Resizing the LUKS container and the LVM physical volume
$ sudo cryptsetup resize /dev/mapper/frej
$ sudo pvresize /dev/mapper/frej
Physical volume "/dev/mapper/frej" changed
1 physical volume(s) resized / 0 physical volume(s) not resized
Filling the empty space with random data
Since we have newly allocated space we should fill it with random data to make sure no information is leaked through our LUKS container. I have chosen to do this by simply creating a new logical volume with the remaining free space, create an encrypted device over it and fill that devices with zeros. Since the zeros are encrypted with a random key the final data should be random.
$ sudo lvcreate --extents 100%FREE --name filltemp frej
$ sudo cryptsetup --key-file=/dev/urandom create filltempcrypt /dev/frej/filltemp
$ sudo dd if=/dev/zero of=/dev/mapper/filltempcrypt bs=1M # This takes a _long_ time
$ sudo cryptsetup close /dev/mapper/filltempcrypt
$ sudo lvchange -an /dev/frej/filltemp
$ sudo lvremove /dev/frej/filltemp
Logical volume "filltemp" successfully removed
You can check the progress of dd by sending it the SIGUSR1 signal:
$ sudo pkill -f '^dd if=/dev/zero'
The output from dd will look something like this:
220340+0 records in
220340+0 records out
112814080 bytes (113 MB) copied, 0.521177 s, 116 MB/s
NOTE: I ran into the same performance issue I did years ago when setting up the array, since I had reinitialized the array after boot my fixes did not get applied (they are run from rc.local).

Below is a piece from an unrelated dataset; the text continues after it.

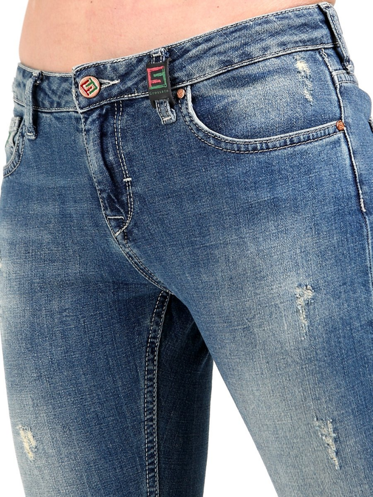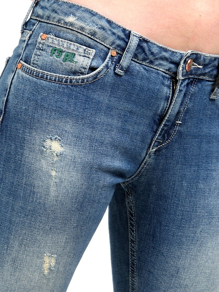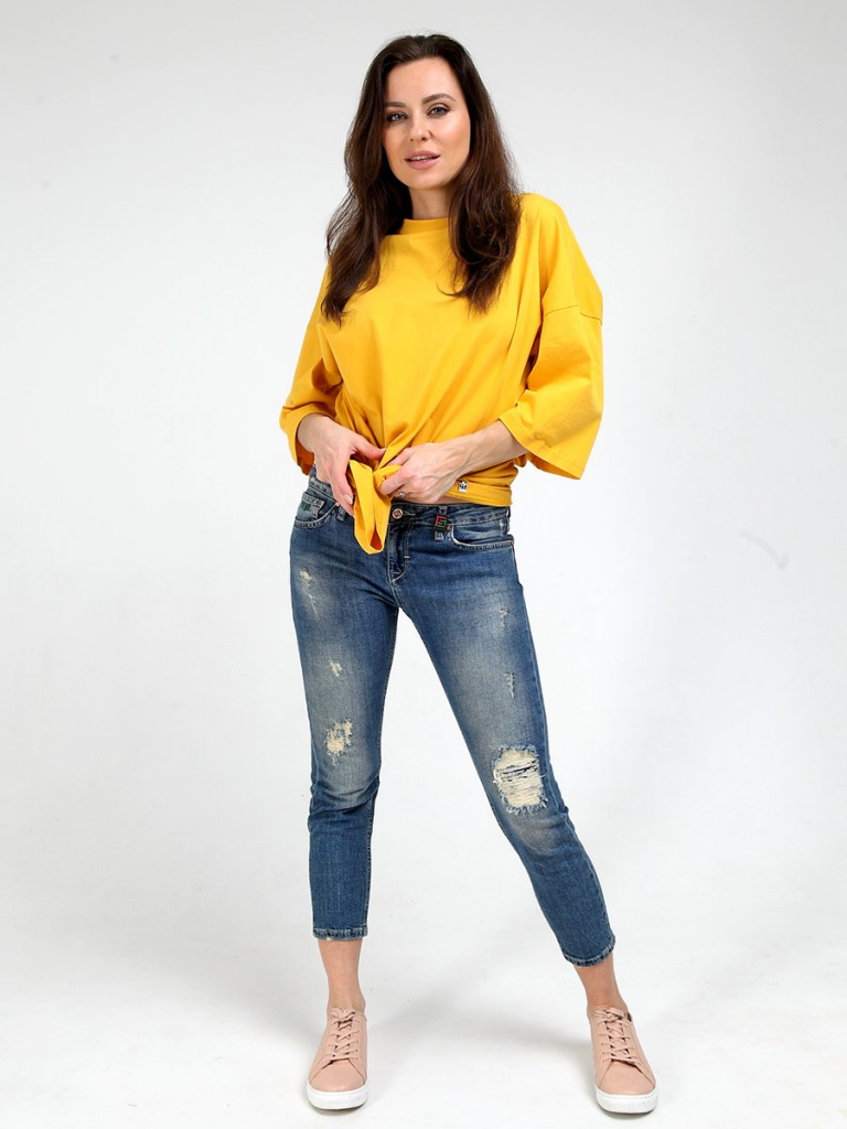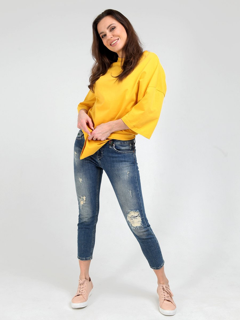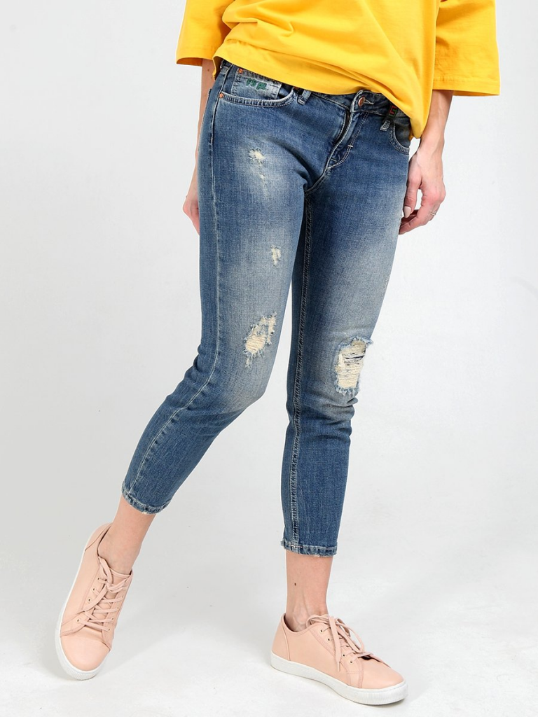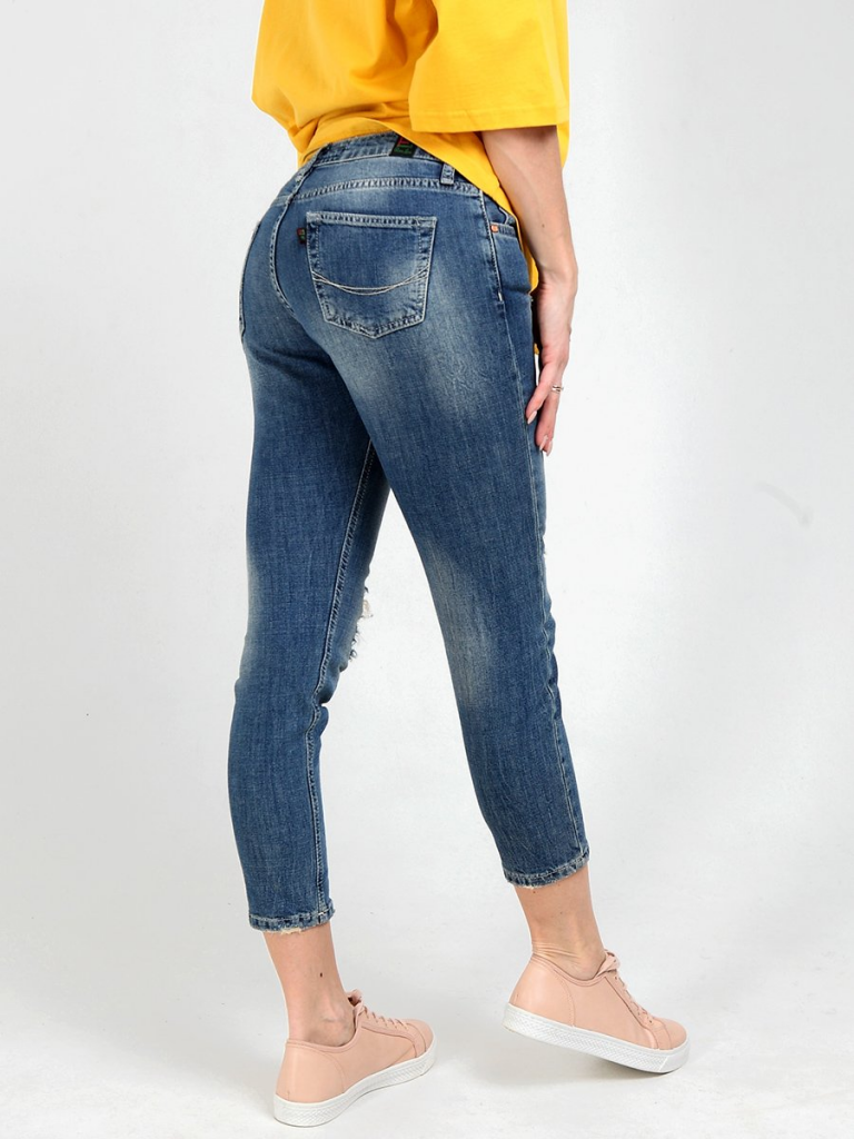Женские модные джинсы с пятью карманами. Посадка Skinny boyfriend fit, свободные в бедре и зауженные книзу, укороченные (внутренний шов - 67 см). Для улучшения посадки сделан подкройной пояс из 2-х частей. Застежка на молнию. Средняя посадка по талии спереди и высокая сзади. Оригинальная средняя стирка с дополнительным оттенком (тинт), с потёртостями и заломами. Спереди несколько растрепанных дырок, создающих модный эффект поношенности. Выполнены из слабоэластичной ткани denim comfort stretch. Модная фурнитура ограниченной серии. Параметры указаны для размера 28.

Resize the LVM logical volume and file system
Now we need to extend the size of our logical volume and file system. I choose to add 3 TiB as thats what I needed to migrate the data I had on a different volume.
$ sudo lvextend --size +3T /dev/frej/frej
Size of logical volume frej/frej changed from 5.46 TiB (1430796 extents) to 8.46 TiB (2217228 extents).
Logical volume frej successfully resized
$ sudo resize2fs /dev/mapper/frej-frej
resize2fs 1.42.12 (29-Aug-2014)
Filesystem at /dev/mapper/frej-frej is mounted on /mnt/frej; on-line resizing required
old_desc_blocks = 350, new_desc_blocks = 542
The filesystem on /dev/mapper/frej-frej is now 2270441472 (4k) blocks long.
Conclusion
Using modern technologies such as mdadm, LVM and LUKS it is really easy to increase the storage capabilities of a server. Most of the steps can also be performed online. My chassi does not have the ability to easily replace drives, which means I risk damaging them if I try to replace a drive physically while the system is still online.
Had I only had a better chassi I could have performed this entire procedure online, completely without downtime.